Philippines’ fluctuating Inflation Rate

Undeniably, in 2018, one of the matters that alarmed the public was the increasing inflation – it shows the increase in the prices of goods and basic commodities in the Philippines.

It was at 4.5% in April and it continued to increase reaching 6.7% in October 2018. A lot of Filipino people undeniably felt the effect of the increasing inflation in the country.

Several personalities also stressed that the increasing inflation is not only in the Philippines but as well as in other countries.

In December 2018, the inflation went down to 5.1% and it decreased further to 4.4%. Recently, the Philippines’ inflation rate for the month of February 2019 has been released.


Philippine as a LEDC have continuously tried to get out of this situation of large population living in poverty/being poor. Though inflation would be very helpful for the economy in many cases, reaching such a high inflation rate of 6.7% may only affect normal purchases and consumer spending of local Filipinos. As a result of these locals that have a low income, they would spend less as they may not be able to afford and luxuries or even necessities. Therefore, people would save more, and governments would have a budget deficit due to the decrease of consumer spending.

Which due to this reason, the Philippine economy reached its high inflation rate during September/October 2018 at the rate of 6.7%. Starting from December 2018, the Philippine economy has dropped massively from 6.7% to 6%. Though there has been such a huge slump in the economy, the inflation rate is continuously decreasing till today, at the rate of only 3.3 %; not even half of the highest inflation rate since October 2018.

The figure above illustrates a business cycle, which would perfectly illustrate Philippines’ current economic situation. Philippine has experienced a peak and is now experiencing the recession stage of this business cycle.

During this period of time, it is very likely that the unemployment rate would rise.
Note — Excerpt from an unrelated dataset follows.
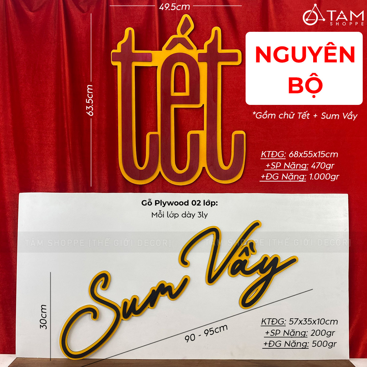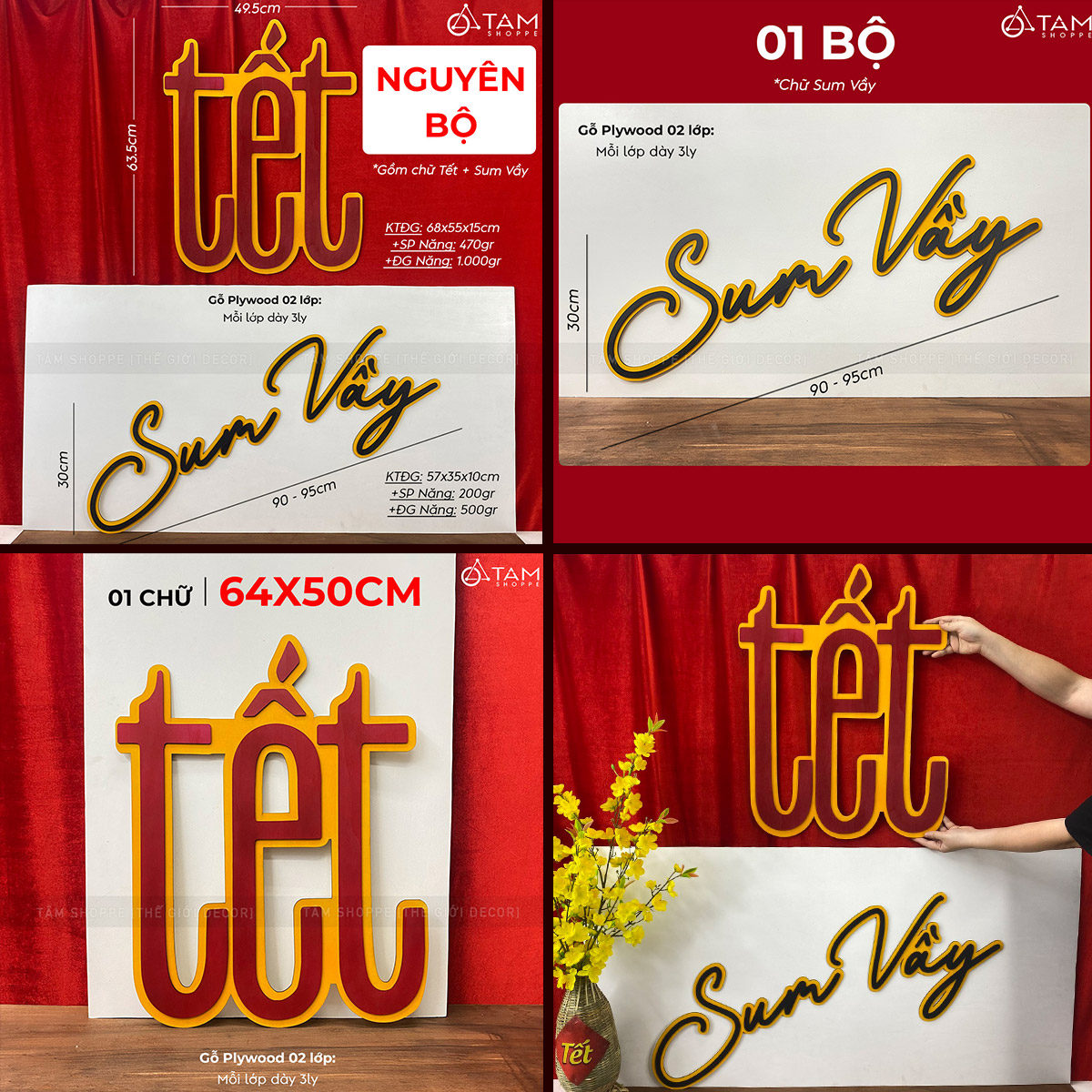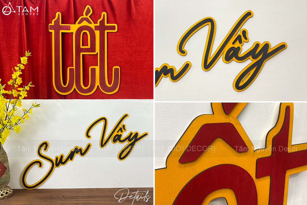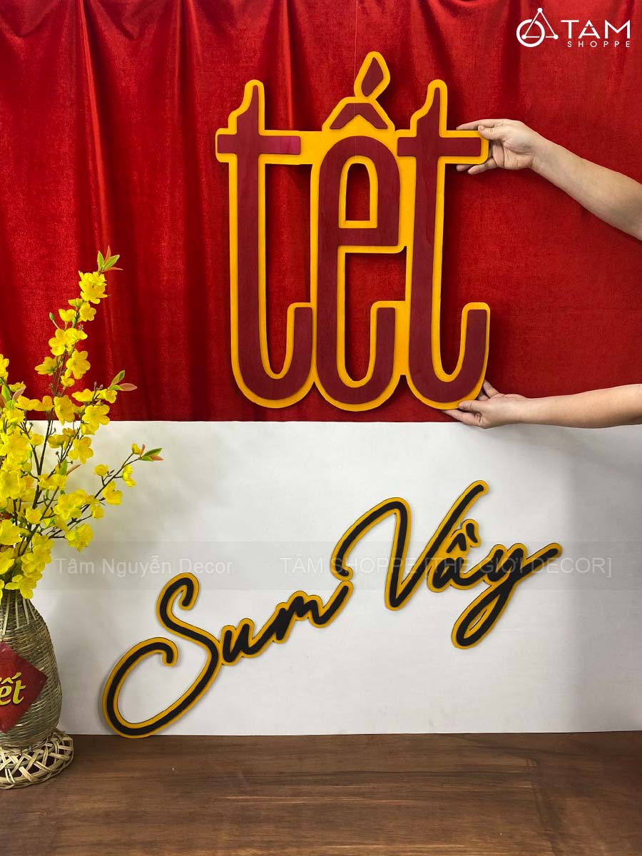 Chữ Tết Sum Vầy Cao 30-64cm [Bằng gỗ - Nhẹ] trang trí đẹp mắt. Đồ trang trí Tết là các vật dụng, phụ kiện, hoặc mô hình được dùng để trang hoàng không gian trong dịp Tết, nhằm tạo nên không khí ấm áp, vui tươi và mang đậm sắc màu lễ hội.

Businesses would likely sack employees during this period as less people are willing to spend. Therefore, businesses’ revenue and profit would definitely be affected, to prevent too much lost, businesses would try to decrease any costs possible, which includes decreasing numbers of employees. Unemployment would then be a huge economic consequence such as losses in real GDP, unequal distribution of income. Also, it would also affect personal issues such as loosing self-esteem leading to a decrease in consumer confidence and may lead to recession.

In conclusion, as the Keynesian supply diagram shown above, governments would have to do some corresponding actions such as demand-side policies to push the aggregate demand curve to the right and pull the economy out from recession.